Questioning the Findings

University leaders involved in technology transfer offices and incubators disagreed with some of the study’s key premises. Brett Cornwell is executive director of Texas A&M Technology Commercialization, the technology transfer organization for the Texas A&M University System. It manages more than 900 patents.

Universities are all structured differently, so depending on a university’s organizational structure, there might be very little connection between funding, incubation activity and patenting decisions, Cornwell said. But he added that patents aren’t always a good proxy for innovations -- particularly where incubators are concerned.

In Cornwell’s experience, young and unsophisticated technology commercialization programs emphasize patenting. Institutions with more sophisticated activities, including incubators, are usually more selective in what they patent.

“When you talk about having incubators and accelerators, almost by definition that means the university is getting closer to the market, thinking about market pull,” Cornwell said. “That implies sophistication and sophisticated decision making about what you invest in and what you don’t invest in.”

Further, Cornwell questioned whether forward citations are always a marker of patent quality. The true quality of a patent is the value a company can derive from it, he said.

That value doesn’t necessarily show up in licensing income, either.

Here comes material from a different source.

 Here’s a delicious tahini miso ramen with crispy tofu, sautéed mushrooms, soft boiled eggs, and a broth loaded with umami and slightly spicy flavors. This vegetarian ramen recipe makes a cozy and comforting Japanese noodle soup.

Universities divide royalty monies between different parties like tech transfer offices and inventors. And incubation might lead to other benefits for a university, Cornwell said.

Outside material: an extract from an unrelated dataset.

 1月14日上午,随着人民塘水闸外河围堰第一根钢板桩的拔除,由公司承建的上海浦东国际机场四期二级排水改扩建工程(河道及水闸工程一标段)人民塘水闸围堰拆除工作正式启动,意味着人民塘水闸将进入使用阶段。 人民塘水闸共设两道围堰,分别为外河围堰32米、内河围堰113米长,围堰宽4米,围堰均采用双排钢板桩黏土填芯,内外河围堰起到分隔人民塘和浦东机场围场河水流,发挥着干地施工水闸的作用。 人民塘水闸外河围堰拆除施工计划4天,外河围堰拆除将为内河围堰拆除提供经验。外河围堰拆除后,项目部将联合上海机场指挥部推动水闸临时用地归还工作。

“At the end of the day, the university receives 35 percent of that top-line income,” Cornwell said. “What was interesting is the same companies that were licensing the same tech for us and were paying the royalties had done about five times more sponsored research.”

Economic development is an important part of many university incubators, according to Keith McGreggor, director of Georgia Tech’s VentureLab start-up incubator.

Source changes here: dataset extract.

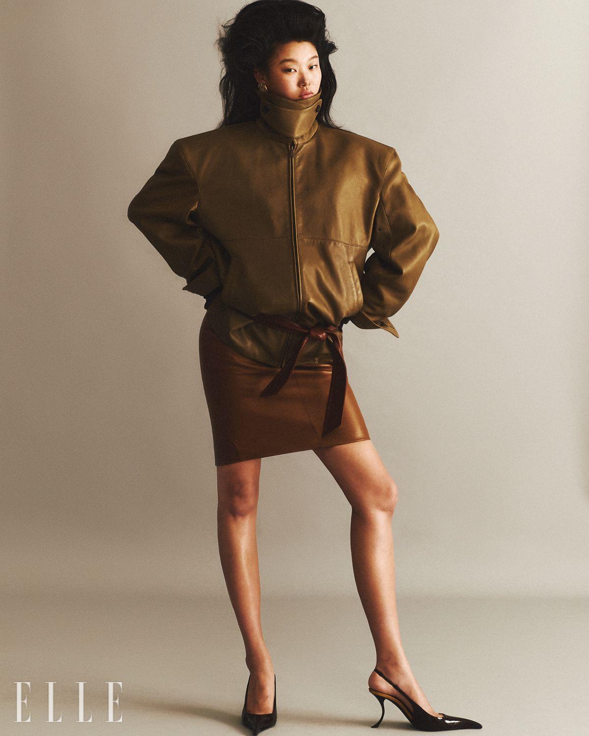 파워 숄더 블루종과 레더 스커트, 슬링백 샌들, 스테이트먼트 이어링은 가격 미정, 모두 Saint Laurent by Anthony Vaccarello.
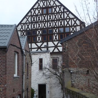 The building is viewable from the street, where the timber frame structure is clearly visible and one can study the different construction techniques used. Those interested in understanding the interior can observe the arrangement and spacing of wooden elements from a good vantage point outside.

“The economic development angle, which is at least a part of the university spinning things out, is predicated on jobs created and tax bases for revenue generated by the companies that try to spin out and stay local in the state,” McGreggor said. “And that’s not the same thing as measuring the impact of patents that are created.”

McGreggor also wondered about equating income from patents to patent quality.

“If the university has a very progressive approach to pricing the intellectual property, say for the benefit of their own spinouts, then the measure of value of that wouldn’t necessarily be reflective of that spinout’s subsequent action,” he said

McGreggor said he feels no tension between research and incubation at Georgia Tech. He hasn’t seen a competition for resources.

“I don’t think this is a zero-sum game with respect to resources allocated,” McGreggor said. “I wonder how it will be when the entrepreneurship faculty encounter the technology licensing offices and the incubators, how that will change our landscape in coming years.”

Texas A&M and Georgia Tech were both included in the innovation study. But they’re not the only ones that pointed out incubators might have benefits beyond patents and royalties.

They can help recruit faculty and students, said Stacy Strauss, director of the Innovation Center at Ohio University (which is not an AAU member and was therefore not part of the study). “Students, if they know they have an opportunity for experiential learning outside the classroom, perhaps by being embedded within the staff of a biotech company -- that’s a way the university can attract and retain a higher-quality student,” Strauss said.

Klein and Kolympiris acknowledged those arguments. They are not saying incubators destroy value over all, Kolympiris said. Incubators can add many other forms of value, including prestige and connections to local communities.

The researchers freely admit that they are not measuring those other outcomes, Klein said.

“Maybe universities should have incubators, even if they have some possibly harmful effects on basic research,” Klein said. “If this research helps to begin a conversation or deepen ongoing conversations about these issues -- what is a university for, what should universities do -- we think that’s terrific.”